Records from a dataset ▸
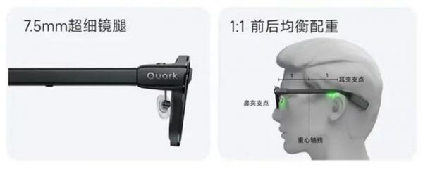 也因为线路了有足够自由度,夸克AI眼镜S1才可以把芯片、电池等核心部件创造性地后置到镜腿的尾部,整机重心被拉成前后约1:1的平衡,戴在脸上稳、不压鼻梁、不往下滑。
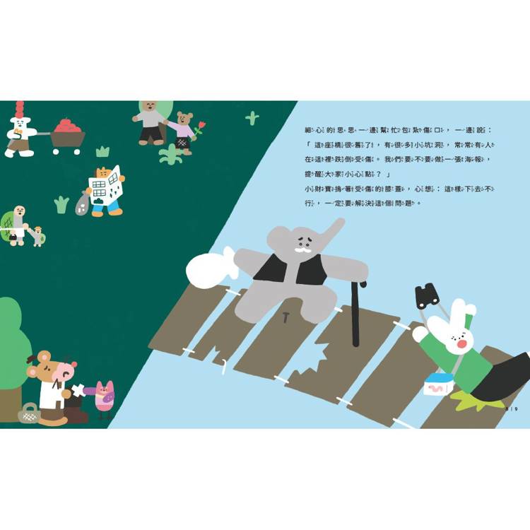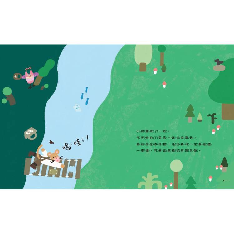 森林裡的橋壞了,小財寶號召大家一起修好它。
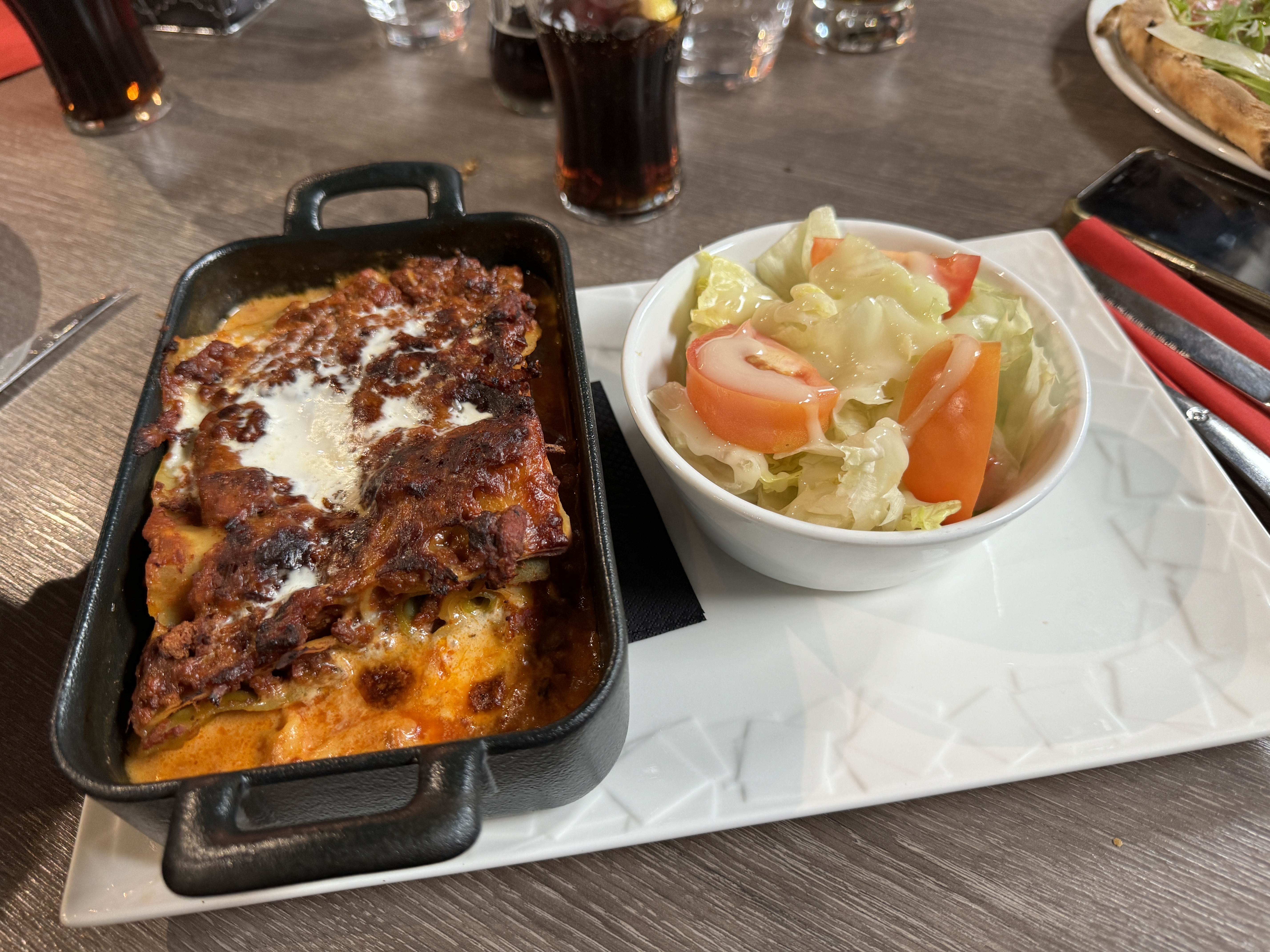 Service lent, serveuse avec les cheveux gris pas sympathique. Lasagne cramée sur le dessus et froide au milieu. Pizza pas cuite et sans goût. Juste le dessert relève un peu le niveau.
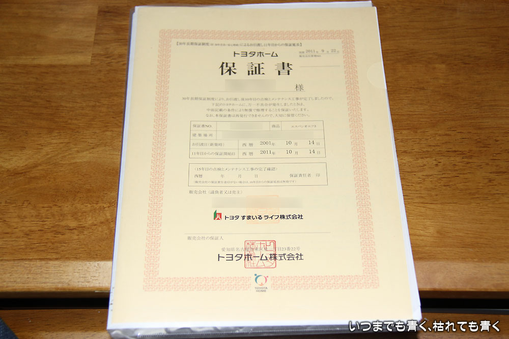 そして、銀行での月末の用件をすませた後、約束していた住宅会社さんとの打ち合わせです。先々週に防水シートの補修工事をしてもらいましたので、これからの10年の延長保証書の説明と受取りです。きちんとメインテナンスをしていれば、30年長期保証されますので、ありがたいですね。この保証期間内であれば、雨漏れはいつまでも無償で対応していただけます。まぁ、雨漏れなんかしちゃ困りますけどね。以前の家が12年であきらかに傷みやくたびれ感が出てきたのに比べ、今の家はまだ新築気分。作りのしっかり度合いが違うのが大きいですね。
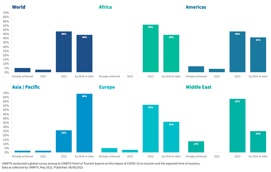 A higher number of experts (48%) now see a potential return of international arrivals to 2019 levels in 2023 (from 32% in the January survey), while the percentage indicating this could happen in 2024 or later (44%) has diminished compared to the January survey (64%). Meanwhile by end April, international air capacity across the Americas, Africa, Europe, North Atlantic and the Middle East has reached or is close to 80% of pre-crisis levels and demand is following.
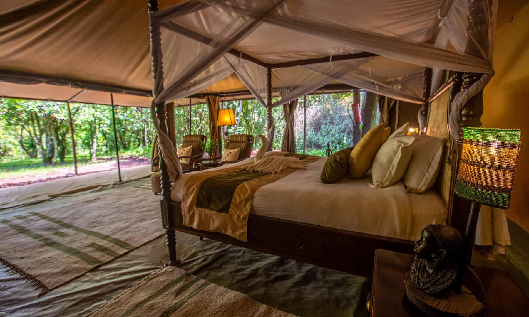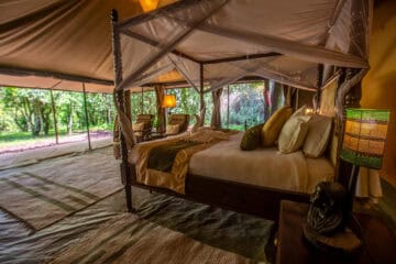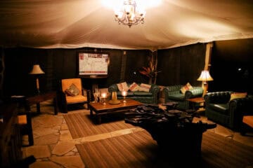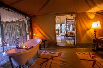 The 12 Spacious well appointed tents are en-suite and decorated with an amazing fusion of modern African decor with old world charm.

Problem requirements ▸
Only an exact copy of the entries, with no pictures, is expected as the answer.

Task solution ▸
 也因为线路了有足够自由度,夸克AI眼镜S1才可以把芯片、电池等核心部件创造性地后置到镜腿的尾部,整机重心被拉成前后约1:1的平衡,戴在脸上稳、不压鼻梁、不往下滑。
 森林裡的橋壞了,小財寶號召大家一起修好它。
 Service lent, serveuse avec les cheveux gris pas sympathique. Lasagne cramée sur le dessus et froide au milieu. Pizza pas cuite et sans goût. Juste le dessert relève un peu le niveau.
 そして、銀行での月末の用件をすませた後、約束していた住宅会社さんとの打ち合わせです。先々週に防水シートの補修工事をしてもらいましたので、これからの10年の延長保証書の説明と受取りです。きちんとメインテナンスをしていれば、30年長期保証されますので、ありがたいですね。この保証期間内であれば、雨漏れはいつまでも無償で対応していただけます。まぁ、雨漏れなんかしちゃ困りますけどね。以前の家が12年であきらかに傷みやくたびれ感が出てきたのに比べ、今の家はまだ新築気分。作りのしっかり度合いが違うのが大きいですね。
 A higher number of experts (48%) now see a potential return of international arrivals to 2019 levels in 2023 (from 32% in the January survey), while the percentage indicating this could happen in 2024 or later (44%) has diminished compared to the January survey (64%). Meanwhile by end April, international air capacity across the Americas, Africa, Europe, North Atlantic and the Middle East has reached or is close to 80% of pre-crisis levels and demand is following.
 The 12 Spacious well appointed tents are en-suite and decorated with an amazing fusion of modern African decor with old world charm.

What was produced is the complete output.